Overlook Oklahoma at your own peril. The team loses only tall, versatile swingman Cameron Clark from its starting five of one year ago. If the NCAA approves Oklahoma’s waiver bid for senior TaShawn Thomas, a big, physical forward who transferred from Houston, to let him play immediately, Oklahoma could have one of the nation’s most skilled and experienced starting fives. (A decision on Thomas, a great all-around player who can block shots, rebound and handle the ball, ought to come soon.)

Without Thomas, there will be a frontcourt hole for the Sooners. That spot would be taken either by D.J. Bennett, a junior college transfer who played spot duty for Oklahoma last season, or Khadeem Lattin, a tall, rangy, talented freshman whose mother won three WNBA titles. It wouldn’t be nearly as fearsome of a starting five.

But the three starters joining Hield all have serious talent and experience. Junior forward Ryan Spangler is a banger from small-town Oklahoma who averaged nearly a double-double last season.
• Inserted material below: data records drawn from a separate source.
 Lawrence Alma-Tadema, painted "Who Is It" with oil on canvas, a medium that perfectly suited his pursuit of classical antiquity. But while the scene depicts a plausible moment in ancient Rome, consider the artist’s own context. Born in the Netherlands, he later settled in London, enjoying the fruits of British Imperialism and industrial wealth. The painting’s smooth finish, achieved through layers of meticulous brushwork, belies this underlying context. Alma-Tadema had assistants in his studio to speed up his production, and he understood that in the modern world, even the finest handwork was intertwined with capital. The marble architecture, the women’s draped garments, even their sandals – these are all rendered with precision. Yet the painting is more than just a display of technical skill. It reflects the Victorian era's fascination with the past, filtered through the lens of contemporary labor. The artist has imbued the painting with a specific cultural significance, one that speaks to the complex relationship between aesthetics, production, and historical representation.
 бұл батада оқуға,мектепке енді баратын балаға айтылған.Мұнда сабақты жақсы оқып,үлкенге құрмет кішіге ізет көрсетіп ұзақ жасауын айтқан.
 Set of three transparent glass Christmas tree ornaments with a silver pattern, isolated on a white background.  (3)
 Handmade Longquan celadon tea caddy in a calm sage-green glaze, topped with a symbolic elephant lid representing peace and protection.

Sophomore point guard Jordan Woodard is the steady hand this high-scoring team needs. And junior guard Isaiah Cousins made more than 40 percent of his 3-pointers last season on a team that finished seventh in the nation in scoring.

What’s the one thing this season, other than TaShawn Thomas’ waiver request being approved, that could push Oklahoma from pretty good to possibly great?
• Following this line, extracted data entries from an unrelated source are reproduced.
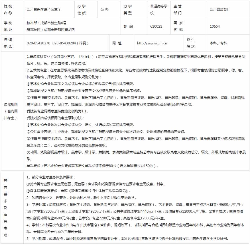 四川音樂學(xué)院2015年招生章程(省內(nèi))
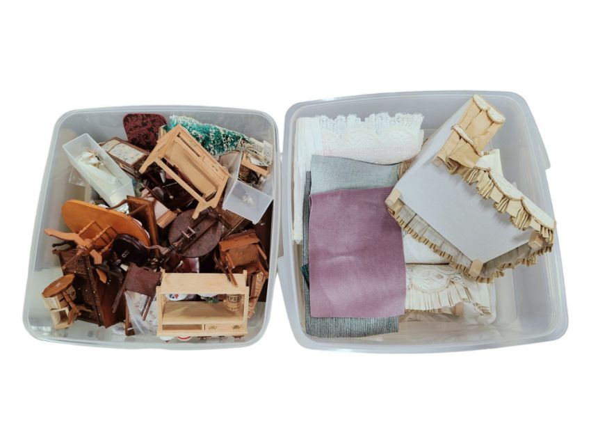 2 BOXES OF DOLLS HOUSE FURNITURE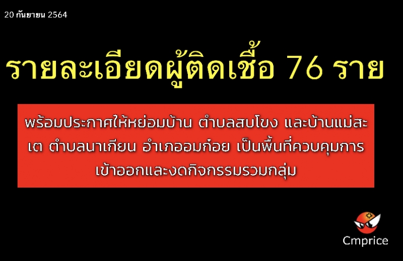 วันนี้ (20 ก.ย. 64) ที่ศูนย์บัญชาการสถานการณ์การระบาดโรค Covid-19 จังหวัดเชียงใหม่ นายกนก ศรีวิชัยนันท์ ปลัดจังหวัดเชียงใหม่ เปิดเผยว่าตามที่สำนักงานสาธารณสุขจังหวัดเชียงใหม่ พบการติดเชื้อโรคโควิด – 19 เป็นกลุ่มก้อน ในพื้นที่อำเภออมก๋อย คณะกรรมการโรคติดต่อจังหวัดเชียงใหม่ จึงได้มีมติออกคำสั่งที่ ปิดสถานที่เสี่ยงเป็นการชั่วคราว รวม 2 หมู่บ้าน ที่บ้านอูแจะ ตำบลสบโขง และที่บ้านแม่สะเต ตำบลนาเกียน โดยคำสั่งที่ 157/2564 ให้ปิดบ้านอูแจะ หมู่ที่ 6 ตำบลสบโขง อำเภออมก๋อย จังหวัดเชียงใหม่ เป็นเวลา 14 วัน ตั้งแต่วันที่ 19 กันยายน 2564 ถึงวันที่ 2 ตุลาคม 2564 และคำสั่งที่ 158/2564 ให้ปิดหมู่บ้านแม่สะเต หมู่ที่ 11 ตำบลนาเกียน อำเภออมก๋อย จังหวัดเชียงใหม่ เป็นเวลา 14 วัน ตั้งแต่วันที่ 20 กันยายน ถึงวันที่ 3 ตุลาคม 2564 ทั้งนี้เพื่อให้การควบคุมและป้องกันโรคในพื้นที่ดังกล่าว เป็นไปด้วยความเรียบร้อยและเกิดประสิทธิภาพสูงสุด พร้อมขอความร่วมมืองดการเดินทางเข้าไปในพื้นที่ดังกล่าว โดยไม่มีเหตุจำเป็น เพื่อลดความเสี่ยงต่อการสัมผัสโรค

“Just our general identity, a bit more physical play on the boards and defensively,” Kruger told me. “A bit more sincerity defensively, just the belief that we’ve gotta get a stop as opposed to, ‘We know we can score, so it’s OK.’ They didn’t say that, but with last year’s group it was a more subconscious thing. We need both. We need to be able to score, but we also need to act like every stop is important.”
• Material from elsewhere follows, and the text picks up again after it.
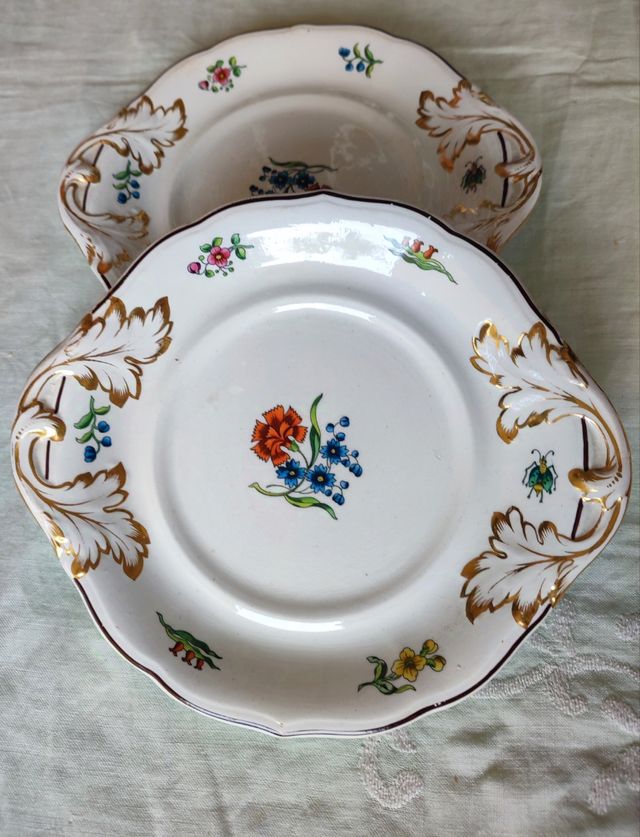 Manici elaborati e dorati a mano, decoro floreale brillante e colorato. Ottimo stato, naturalmente sono 2 oggetti antichi ma non hanno sbeccature né capelli né danni visibili, guardate le foto.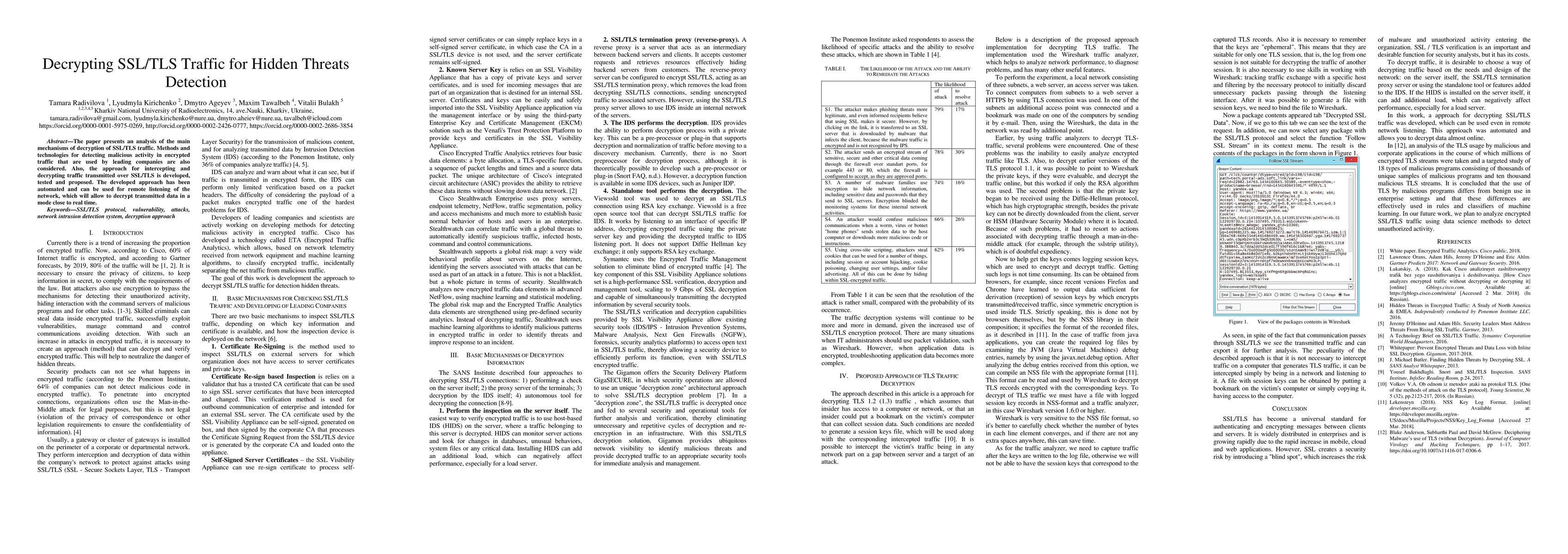 This paper analyzes decryption methods for SSL/TLS traffic and proposes an automated approach for intercepting and decrypting encrypted data, enabling real-time detection of hidden threats in network communications.

Buddy Hield gives the Sooners one of the Big 12's best players.

Sure, it sounds a little boring. And it sounds cliché. But it also sounds like a pretty solid, simple way to focus this talented team in what could be its take-notice season.

It’s an affirming, supportive culture the understated Kruger has installed at Oklahoma. This place is no country club, but you can tell how that positive reinforcement and patient coaching adds confidence to a high-scoring bunch.

But this positive group also comes in with a chip on its shoulder after last season’s Round of 64 upset loss in the NCAA tournament. Coaches here told me of a team where players have spent the offseason firing up a thousand shots a day – and not just one or two hard workers, but an entire team that sticks around and pairs up for shooting after workouts.

“Everybody’s bought into coming in the gym and working in their off time,” Spangler told me. “What made us that way was our tournament loss last year. We don’t want to end up that way again. Usually you have three or four guys on the team that work out a lot of extra time, but this is the whole team.”

“I’m tired of everybody saying next year – we just gotta do it now,” Hield told me. “I’ve got two more years at Oklahoma. I’ve got to build a legacy. I think we got a good chance (at winning the Big 12). I think we’re gonna win it. I think we can win it. It comes down to the toughest team.”